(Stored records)
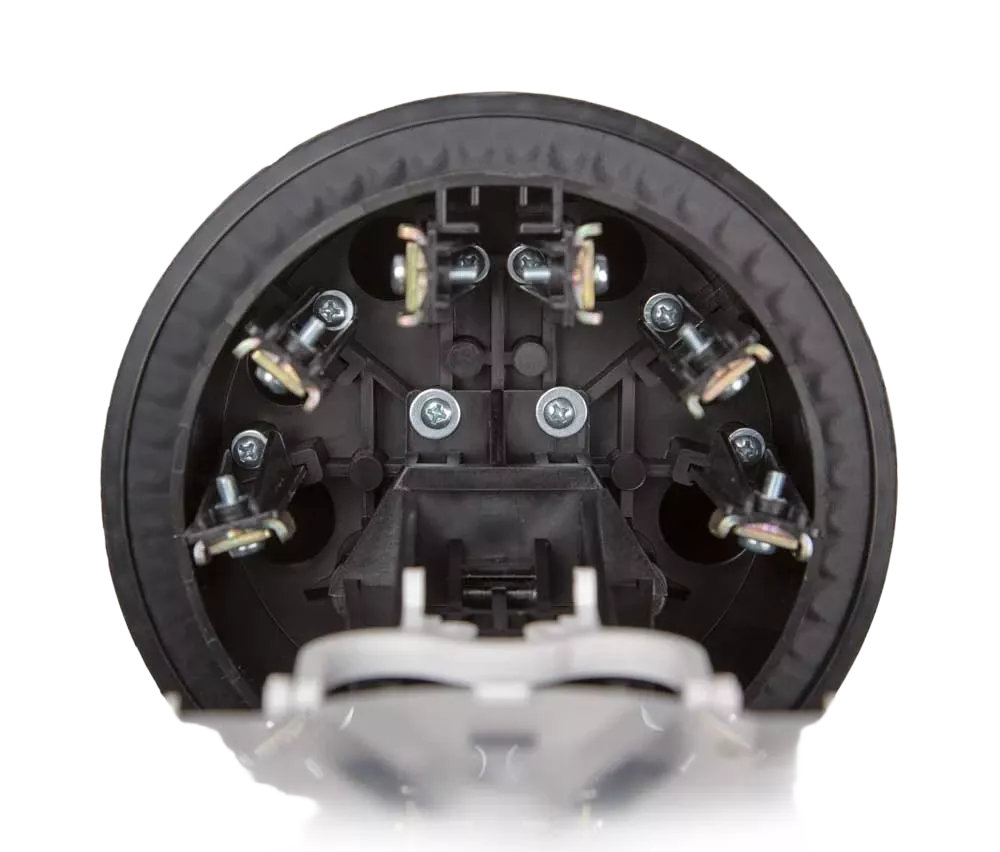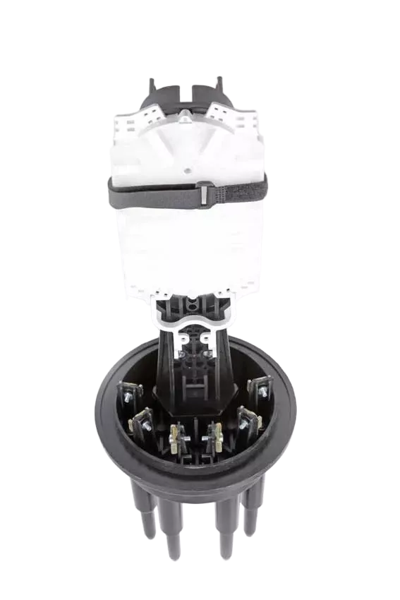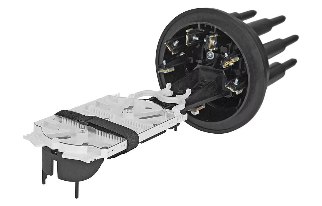 Способ герметизации вводов кабелей, осуществляется с помощью термоусаживаемых трубок ТУТ. Круглые патрубки на оголовнике муфты изначально герметичны и имеют ступенчатую форму с разными диаметрами. Срезая патрубок в определенном месте можно подобрать отверстие максимально близкое к диаметру вводимого кабеля. Таким образом, исключается излишнее натяжение ТУТ после усадки при вводе относительно тонких кабелей. Все патрубки муфты оснащены также индивидуальными узлами крепления ЦСЭ.
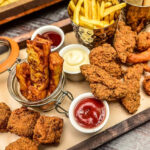 CHICKEN WINGS WITH STICKY BBQ SAUCE, GARLIC BREAD, CRISPY SHREDDED CHICKEN WITH PERI PERI SAUCE AND SPRING ONION, CRISPY DUCK POPCORN,
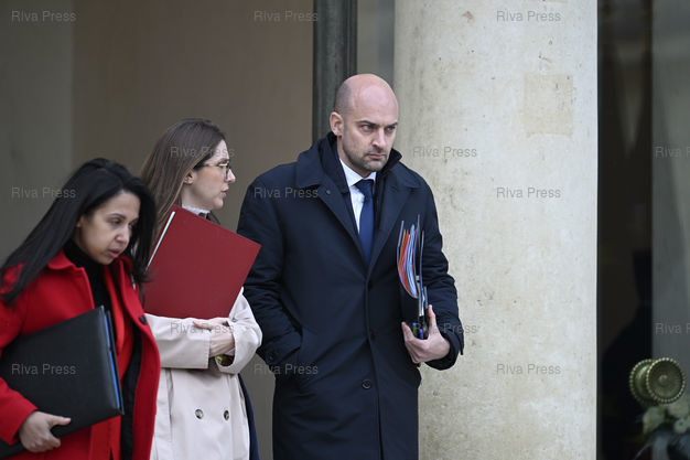 Légende : Conseil des ministres au Palais de l'Elysée. Naïma Moutchou, Ministre des Outre-mer - Aurore Bergé, Ministre déléguée chargée de l'Égalité entre les femmes et les hommes et de la Lutte contre les discriminations - Jean-Noël Barrot, Ministre de l'Europe et des Affaires étrangères /// Council of ministers at the Elysee Palace. Naïma Moutchou, Minister for Overseas Territories - Aurore Bergé, Minister Delegate for Gender Equality and the Fight against Discrimination - Jean-Noël Barrot, Minister for Europe and Foreign Affairs - Paris - 05/01/2026 - Photo © Lionel Préau +33 (0)6 68 12 83 77
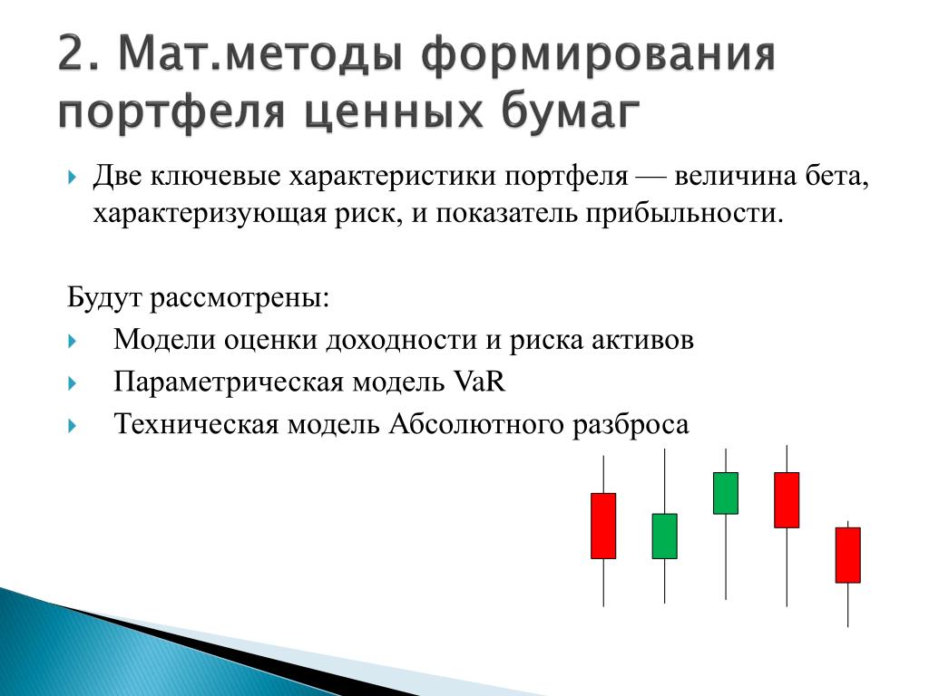 2. Мат.методы формирования портфеля ценных бумаг • Две ключевые характеристики портфеля — величина бета, характеризующая риск, и показатель прибыльности. Будут рассмотрены: • Модели оценки доходности и риска активов • Параметрическая модель VaR • Техническая модель Абсолютного разброса
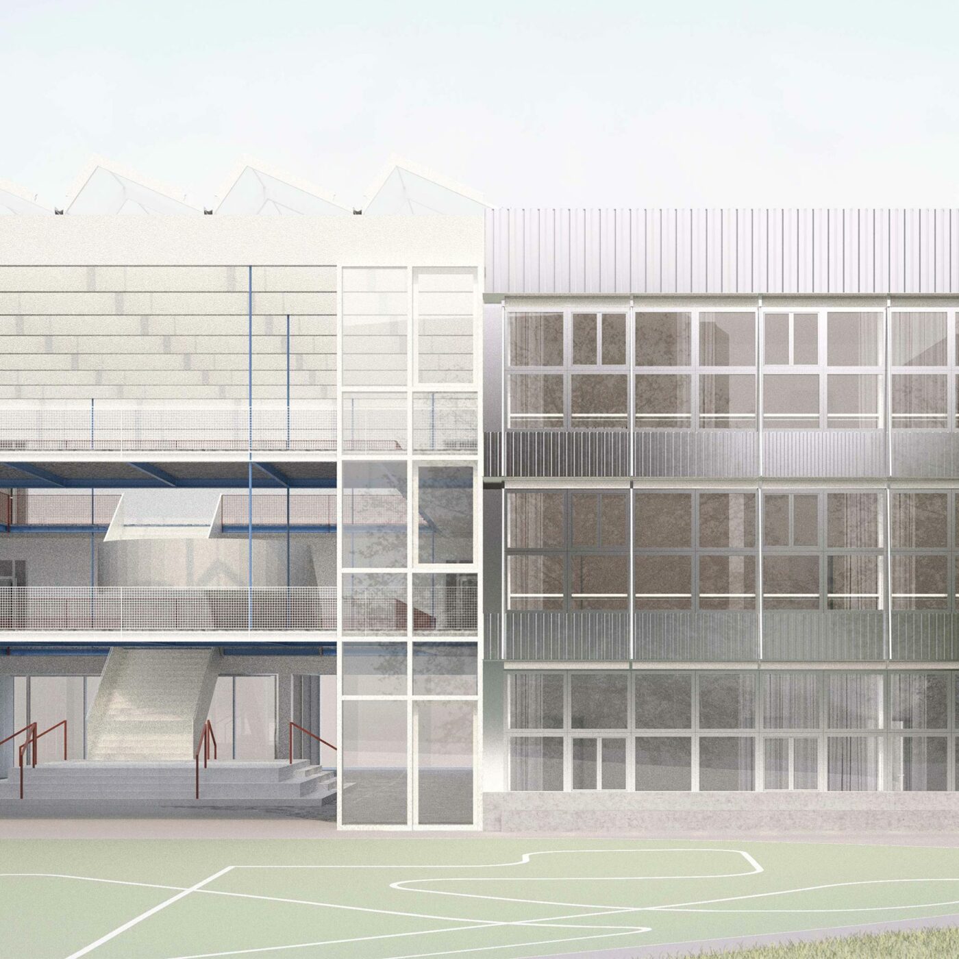 Wir freuen uns über den ersten Preis im offenen Wettbewerb Sporthalle Seefeld in Zürich. Die Erweiterung des historischen Schulgebäudes umfasst zwei Sporthallen, Räume für die Tages- und Musikschule, sowie eine Aula mit Caféteria.
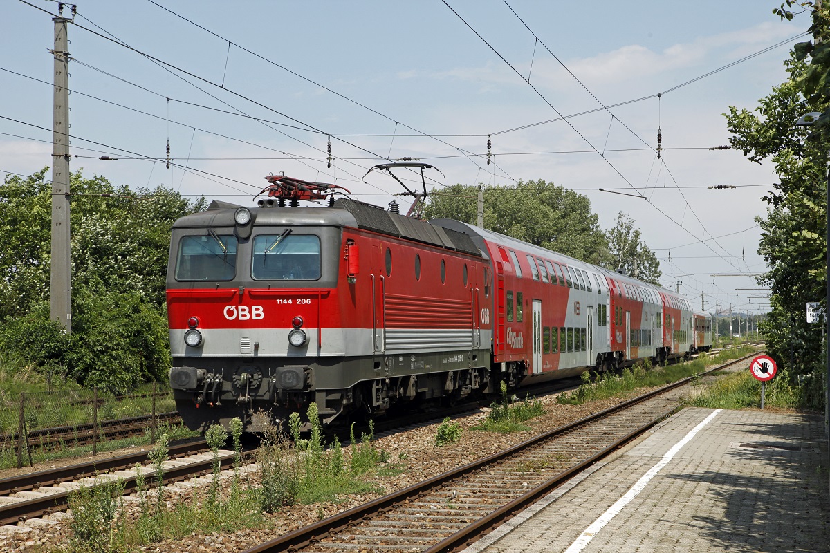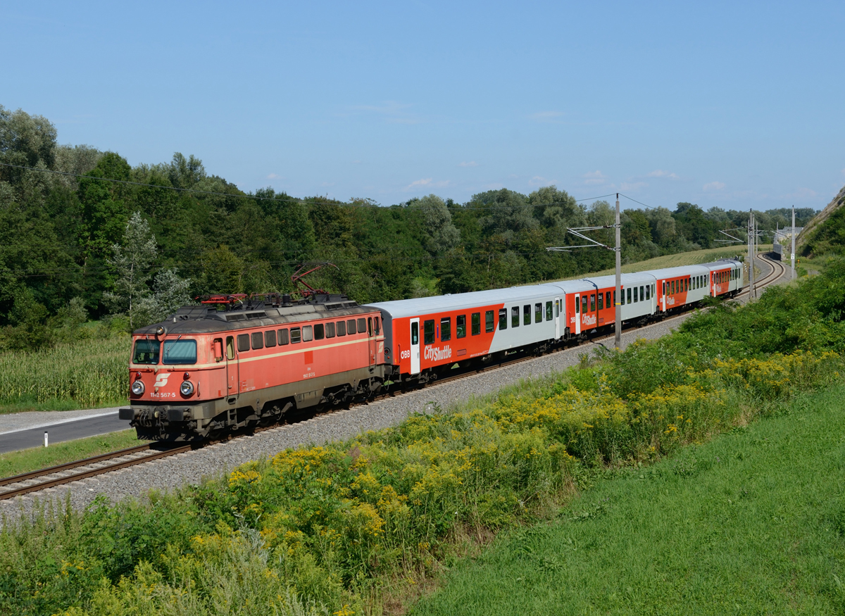 Die blutorange 1142 567 war am Nachmittag des 29. Juli 206 mit einer CityShuttle Garnitur vor Spielfeld-Straß nach Graz Hauptbahnhof unterwegs, und wurde von mir bei Ehrenhausen fotografiert.
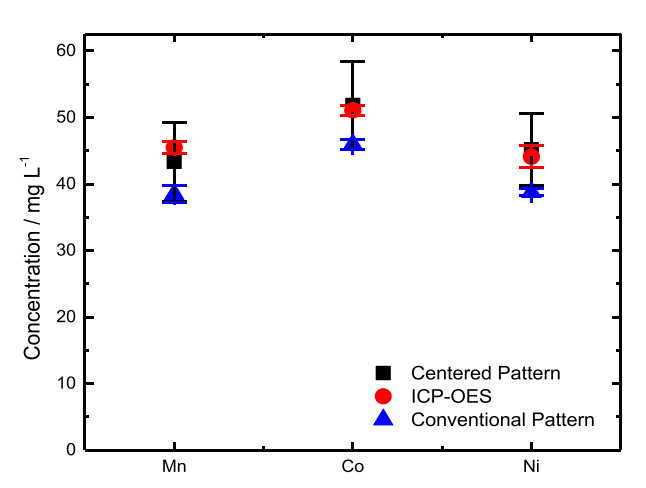 为了验证ICP-OES技术和传统样品应用技术(微升液滴法),使用比实际电池更高浓度的过渡金属中心模式的细节图。用三倍测量表示的误差条。
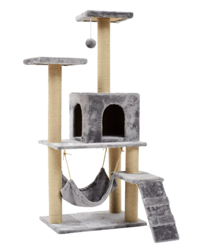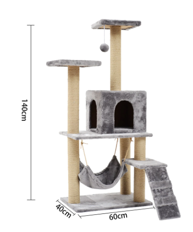 Elevate your feline friend's playtime and relaxation with our Large Cat Tree with Hammock Sisal Scratcher. This versatile cat tree offers multiple levels and features to keep your cat entertained and comfortable throughout the day.

■ **ASSIGNMENT**
All lines above from the one containing "CHICKEN WINGS WITH" up to and including the one containing "Wir freuen uns" are to be set down exactly, and nothing else. Leave images out.

■ **OUTPUT OF THE TASK**
 CHICKEN WINGS WITH STICKY BBQ SAUCE, GARLIC BREAD, CRISPY SHREDDED CHICKEN WITH PERI PERI SAUCE AND SPRING ONION, CRISPY DUCK POPCORN,
 Légende : Conseil des ministres au Palais de l'Elysée. Naïma Moutchou, Ministre des Outre-mer - Aurore Bergé, Ministre déléguée chargée de l'Égalité entre les femmes et les hommes et de la Lutte contre les discriminations - Jean-Noël Barrot, Ministre de l'Europe et des Affaires étrangères /// Council of ministers at the Elysee Palace. Naïma Moutchou, Minister for Overseas Territories - Aurore Bergé, Minister Delegate for Gender Equality and the Fight against Discrimination - Jean-Noël Barrot, Minister for Europe and Foreign Affairs - Paris - 05/01/2026 - Photo © Lionel Préau +33 (0)6 68 12 83 77
 2. Мат.методы формирования портфеля ценных бумаг • Две ключевые характеристики портфеля — величина бета, характеризующая риск, и показатель прибыльности. Будут рассмотрены: • Модели оценки доходности и риска активов • Параметрическая модель VaR • Техническая модель Абсолютного разброса
 Wir freuen uns über den ersten Preis im offenen Wettbewerb Sporthalle Seefeld in Zürich. Die Erweiterung des historischen Schulgebäudes umfasst zwei Sporthallen, Räume für die Tages- und Musikschule, sowie eine Aula mit Caféteria.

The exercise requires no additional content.